Suresh and Eric offered direct guidance, grounded in experience, for health system leaders trying to build an AI strategy today.

They recommended that an organization’s AI strategy must be directionally aligned with its overall business strategy. Duke has aligned some of its focus areas like revenue cycle automation, burnout reduction, and nursing care model redesign, with AI.

The innovators at DIHI have also prioritized working side-by-side with clinicians and technology leaders to think about what technologies they should introduce to solve organizational problems, try them out, and scale them where appropriate.

Both Suresh and Eric were adamant about the value of shorter planning horizons: traditional one-to-three-year technology strategies simply don't work for AI, given how rapidly the landscape is shifting. Health systems need to operate on a much shorter planning cycle — thinking in terms of months rather than years — while maintaining a longer-term directional vision.

They also advocated for health systems to establish a structured process for surfacing and prioritizing pain points, such as a formal mechanism for identifying where innovation can make the most meaningful difference, informed directly by the clinicians and operational staff living those problems every day.

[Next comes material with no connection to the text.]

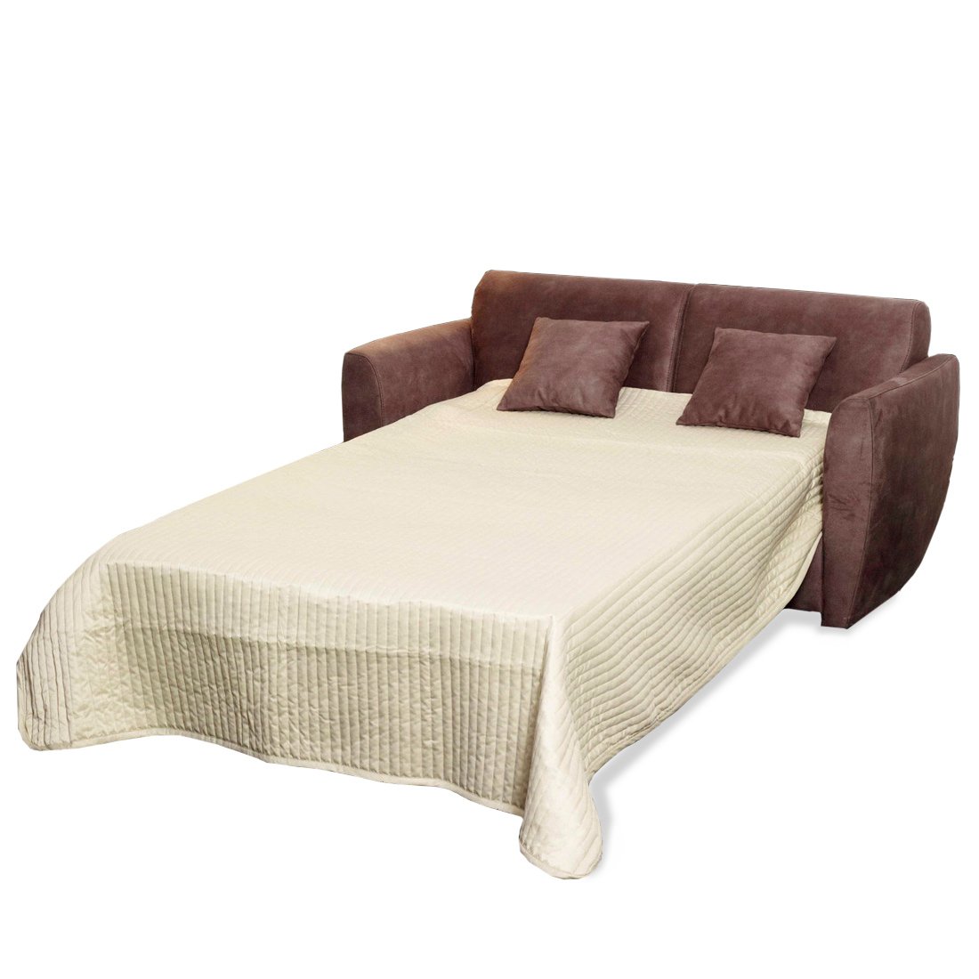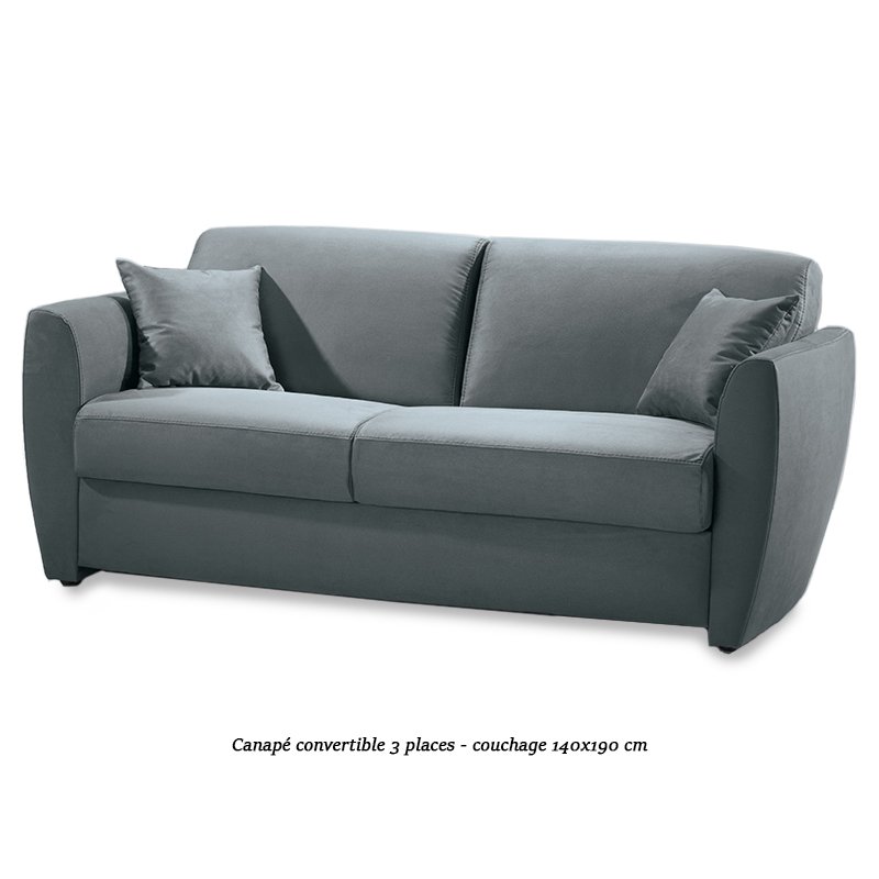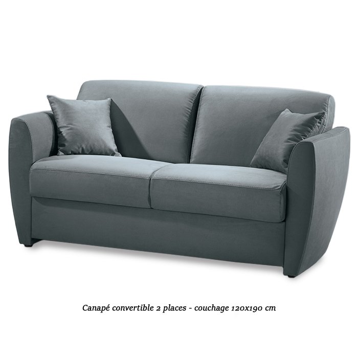 Ce canapé lit est équipé d'un couchage occasionnel de 120x190 cm (canapé 2 places) ou de 140x190 cm (canapé 3 places), composé d'une mécanique 3 plis, d'une toile tenue par des ressorts et d'un matelas Simmons Monoflex de 7 cm d'épaisseur, 115 cm ou 135 cm de largeur et 186 cm de profondeur, en mousse polyuréthane HR 30 kg/m³ avec un plateau piqué.

Scaling AI Innovation: DIHI’s Build-Buy-Partner Approach

Looking ahead, Duke is pursuing several paths to remain on the leading edge of healthcare AI and ensure that what it learns reaches the broader industry.

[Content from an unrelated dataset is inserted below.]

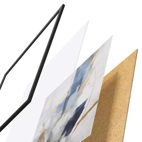 Das Poster besteht aus einem Rahmen, Plexiglas, einem gedruckten Bild und einer Rückwand aus Spanplatten. Dank der Halterungen auf der Rückseite kann das Poster sofort an die Wand gehängt werden.

The Health AI Partnership (HAIP). DIHI co-created HAIP in 2022 as a multi-stakeholder collaborative to help healthcare organizations, particularly those in rural and community settings, adopt AI safely, effectively, and equitably. Through HAIP, the team has developed a key decision-point guide for health systems implementing AI, a community-informed framework to mitigate the impact of AI on health inequities (HEAAL), and an AI vendor disclosure framework.

A "build, buy, partner" strategy. Duke is formalizing a framework to guide decisions about when to build proprietary tools, when to purchase from the market, and when to partner externally.

Commercial partnerships are a key path to scaling innovation through external commercialization. Duke has already partnered with Artisight, Tres, Abridge, Microsoft, RedCell Partners, and Vega Health to bring its innovations to market.

Suresh and Eric emphasized the importance of partnerships to help them stay on top of the rapid pace of change in AI and quickly develop new tools. They also emphasized the need to cultivate the right partnerships with companies that align with the long-term vision of Duke and its values, rather than contracting point solutions to solve siloed problems.

Finding the right partners will allow Duke to be agile and rapidly iterate if AI fails. Because it can be hard to tell whether a piece of AI will really work, Duke has created a process to quickly test new tools through  low-cost proof of concepts.

DIHI also ensures it has organizational buy-in and adequate resources before scaling the technology to successfully integrate AI.

As the healthcare industry moves deeper into the AI era, the organizations that will lead are those that invest not just in the technology, but in the infrastructure — human, organizational, and analytical — needed to integrate it responsibly and sustainably. I'm grateful to work alongside innovators like Suresh and Eric who are not only building that future at Duke but sharing what they learn with the broader field.

Thank you to HIMSS for the opportunity to moderate this conversation, and to Suresh and Eric for their generosity, candor, and leadership — on stage and off.